Picture water in a pipe. The voltage is like the pressure difference that makes water flow; the current is how much water flows per second; the resistance is how narrow or clogged the pipe is. The whole chapter is really just this one picture, made precise — and then applied to combinations of resistors, heating, and power.
Let’s Break It Down
Electric current
When electric charge flows through a conductor (like a metal wire), we say there’s an electric current in it. Current is the rate of flow of charge — how much charge passes a point each second.
If a charge Q flows past a cross-section in time t, the current I is:
I = Q / t
The SI unit of charge is the coulomb (C) — roughly the charge of 6 × 10¹⁸ electrons (each electron carries 1.6 × 10⁻¹⁹ C). The SI unit of current is the ampere (A): one ampere is one coulomb of charge flowing per second (1 A = 1 C/s). Small currents are measured in milliamperes (1 mA = 10⁻³ A) or microamperes (1 µA = 10⁻⁶ A).
Current is measured by an ammeter, which is always connected in series in the circuit.

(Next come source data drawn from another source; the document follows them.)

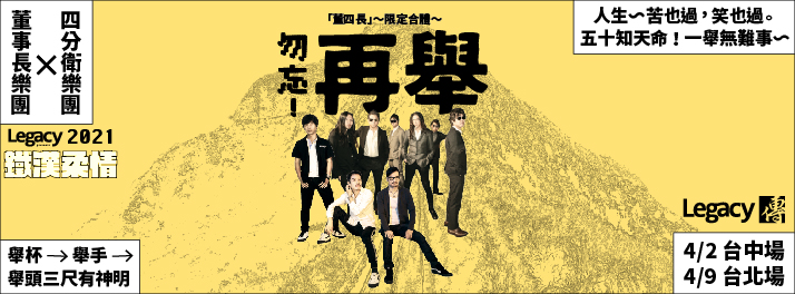 Legacy Presents【2021鐵漢柔情】「勿忘。再舉」董事長樂團 x 四分衛 - 台北場
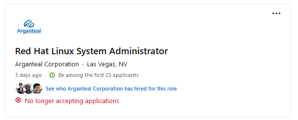 Arganteal had said it “... seeks an onsite Red Hat Linux System Admin ‘RHEL SysAdmin’ in Las Vegas, Nevada for immediate work. This role will be helping the MGM Grand Casino to build its net new IT environment after the recent ransomware hack. Candidates must be willing to work everyday until the new IT environment is fully stood up.”
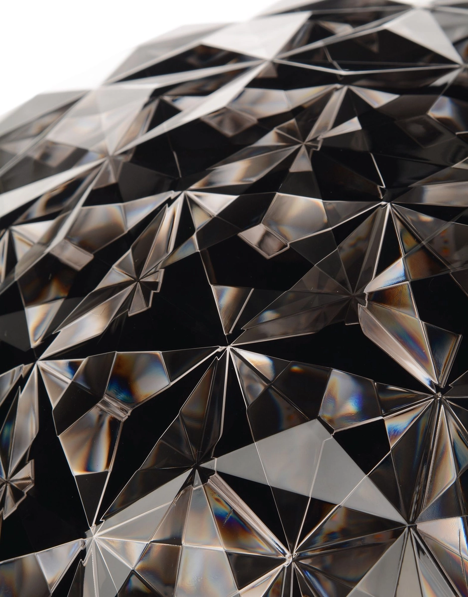 A family of lamps: suspended, for a coffee table and with a metal structure, and the most recent floor version of the lamp is available in two heights: 130 and 160 cm. The distinctive trait is the shape of the slightly elliptical transparent diffuser, which is characterised by a multi-faceted surface, both inside and out, which creates a rich tapestry of reflections.
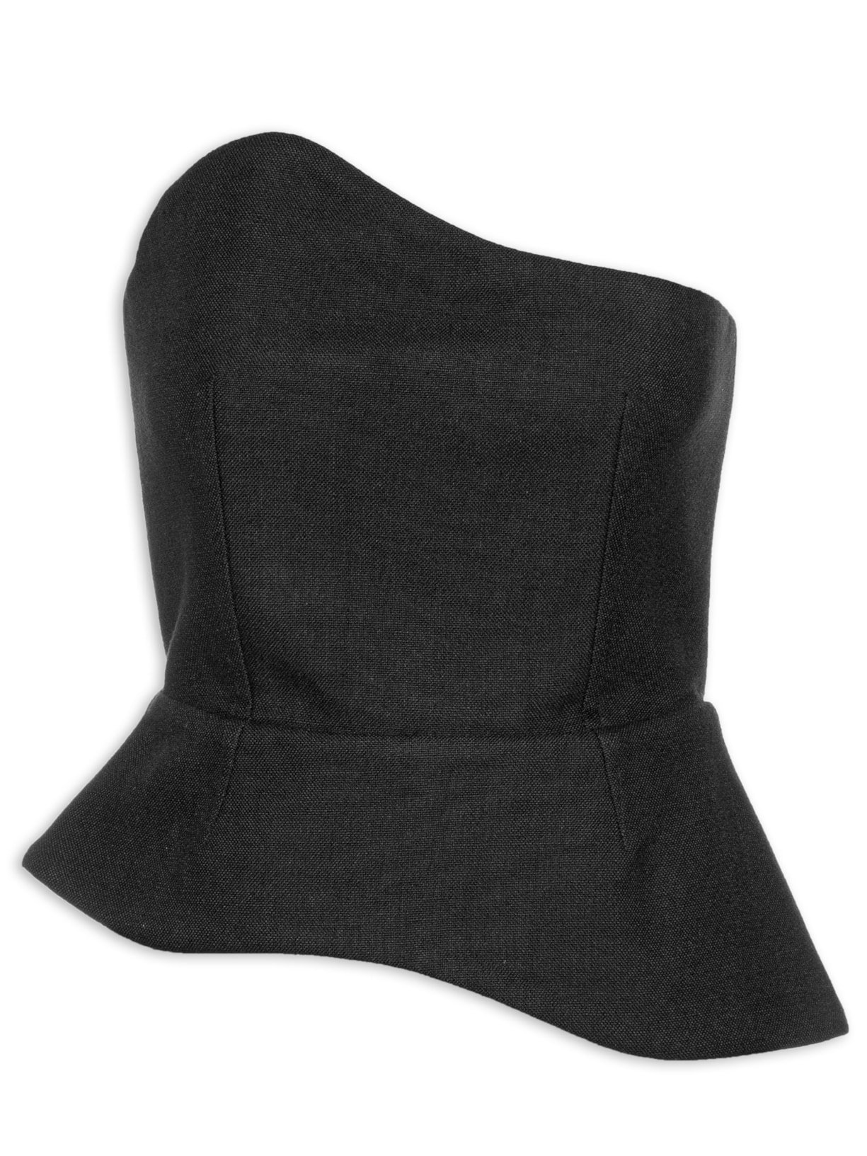 O corset preto é confeccionado em tecido encorpado sem elasticidade. A peça justa ao corpo possui decote assimétrico, sem bojo, recorte na altura da cintura com detalhe de assimetria e fechamento posterior por zíper.
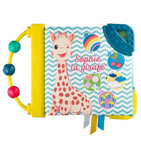 Zestaw prezentowy Gryzak Żyrafa Sophie z książeczką i grzechotką. Gryzak Żyrafa Sophie to uwielbiany przez dzieci na całym świecie kauczukowy gryzak. Żyrafka ma 18 cm wysokości, jest koloru złamanej bieli, z brązowymi cętkami, ma 4 nogi, parę uszu i parę rogów. Jej kształty są stworzone do małych rączek i do gryzienia. Żyrafka Sophie ma w środku piszczałkę. W zestawie dodatkowo znajduje się miękka książeczka z gryzakiem i grzechotka.
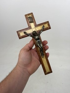 Mid Century MCM Metal Jesus Christ Art Crucifix Religious Wooden Cross Altar 8”
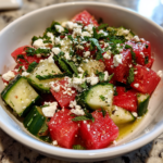 The bright red of the watermelon contrasts beautifully with the green of the cucumbers, creating a visually appealing dish that is perfect for summer barbecues, picnics, or even as a light meal during the week. As the sweet aroma of watermelon fills the air, you can already sense the refreshing coolness that awaits. With every forkful, you’ll experience the delightful combination of textures and flavors that will make you crave this salad again and again.
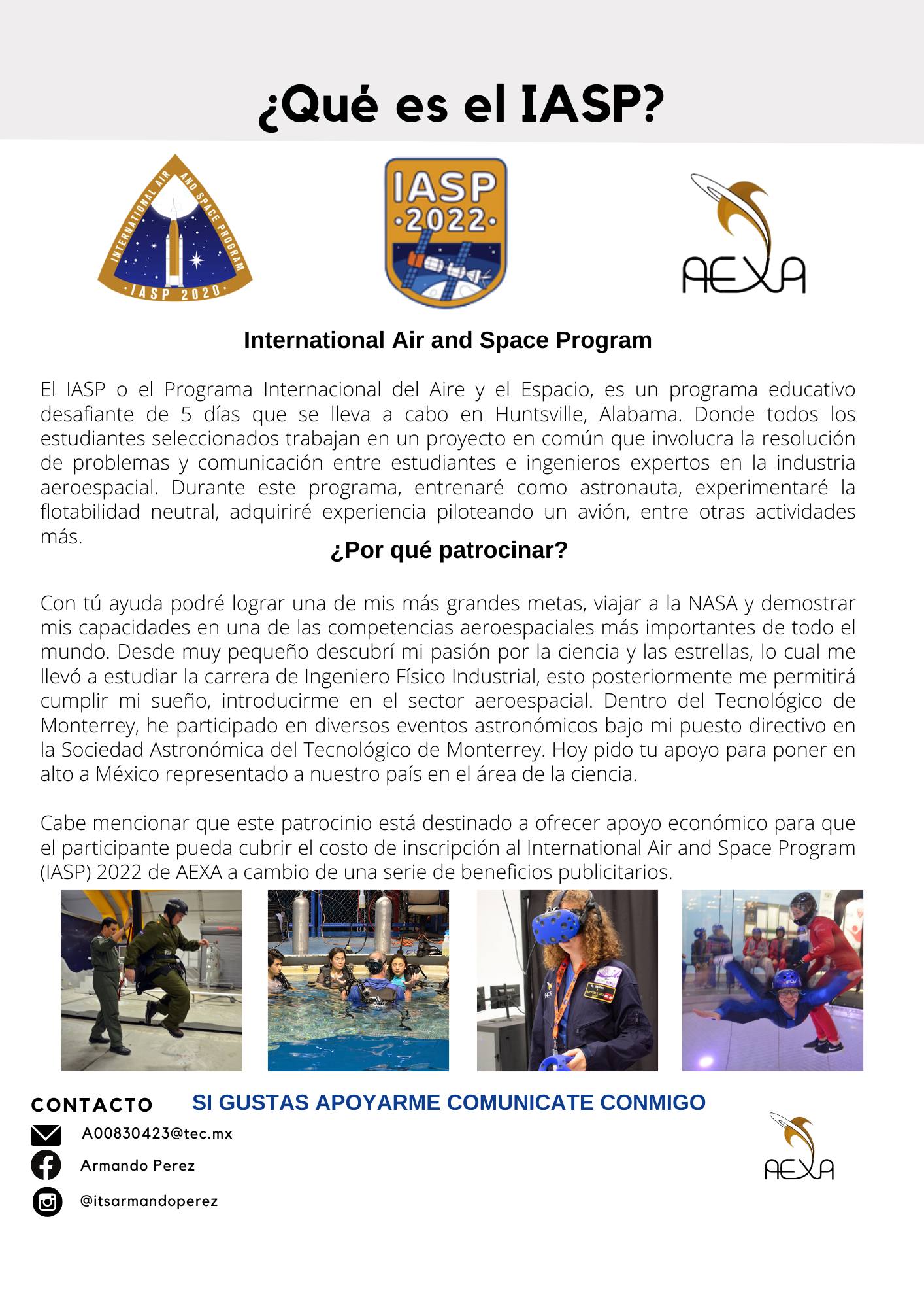 Reynosa, Tamaulipas. - Un joven originario de Reynosa fue seleccionado para representar a México en el International Air and Space Program 2022 de la NASA y para lograr llegar a cumplir su sueño está pidiendo el apoyo de los tamaulipecos para recaudar fondos y pagar los gastos de su viaje.

One quirk worth knowing: in a metal wire, it’s actually negatively-charged electrons that move. But electrons weren’t known when current was first studied, so by convention the direction of current is taken as the direction positive charge would move — i.e. opposite to the electron flow, from the + terminal of the cell to the − terminal through the circuit.
A bulb filament draws 0.5 A for 10 minutes. How much charge flows through it?
- First, get everything into SI units: I = 0.5 A, t = 10 min = 600 s.
- Use I = Q/t, rearranged to Q = I × t.
- Q = 0.5 A × 600 s = 300 C.
Potential difference (voltage)
Charge doesn’t flow on its own, just as water won’t flow through a level pipe. You need a “push” — a difference in electric pressure, called the potential difference. A cell or battery creates this push using chemical energy, even before any current is drawn.
The potential difference V between two points is the work done (W) to move a unit charge (Q) from one point to the other:
V = W / Q
The SI unit is the volt (V). One volt is the potential difference when 1 joule of work moves 1 coulomb of charge:
1 V = 1 J/C
Potential difference is measured by a voltmeter, always connected in parallel across the two points.
How much work moves a charge of 2 C across a potential difference of 12 V?
- Given: Q = 2 C, V = 12 V.
- From V = W/Q, rearrange to W = V × Q.
- W = 12 V × 2 C = 24 J.
Circuit diagrams
Drawing every battery and bulb realistically is slow, so we use standard symbols. A continuous, closed path is an electric circuit; break it anywhere and current stops.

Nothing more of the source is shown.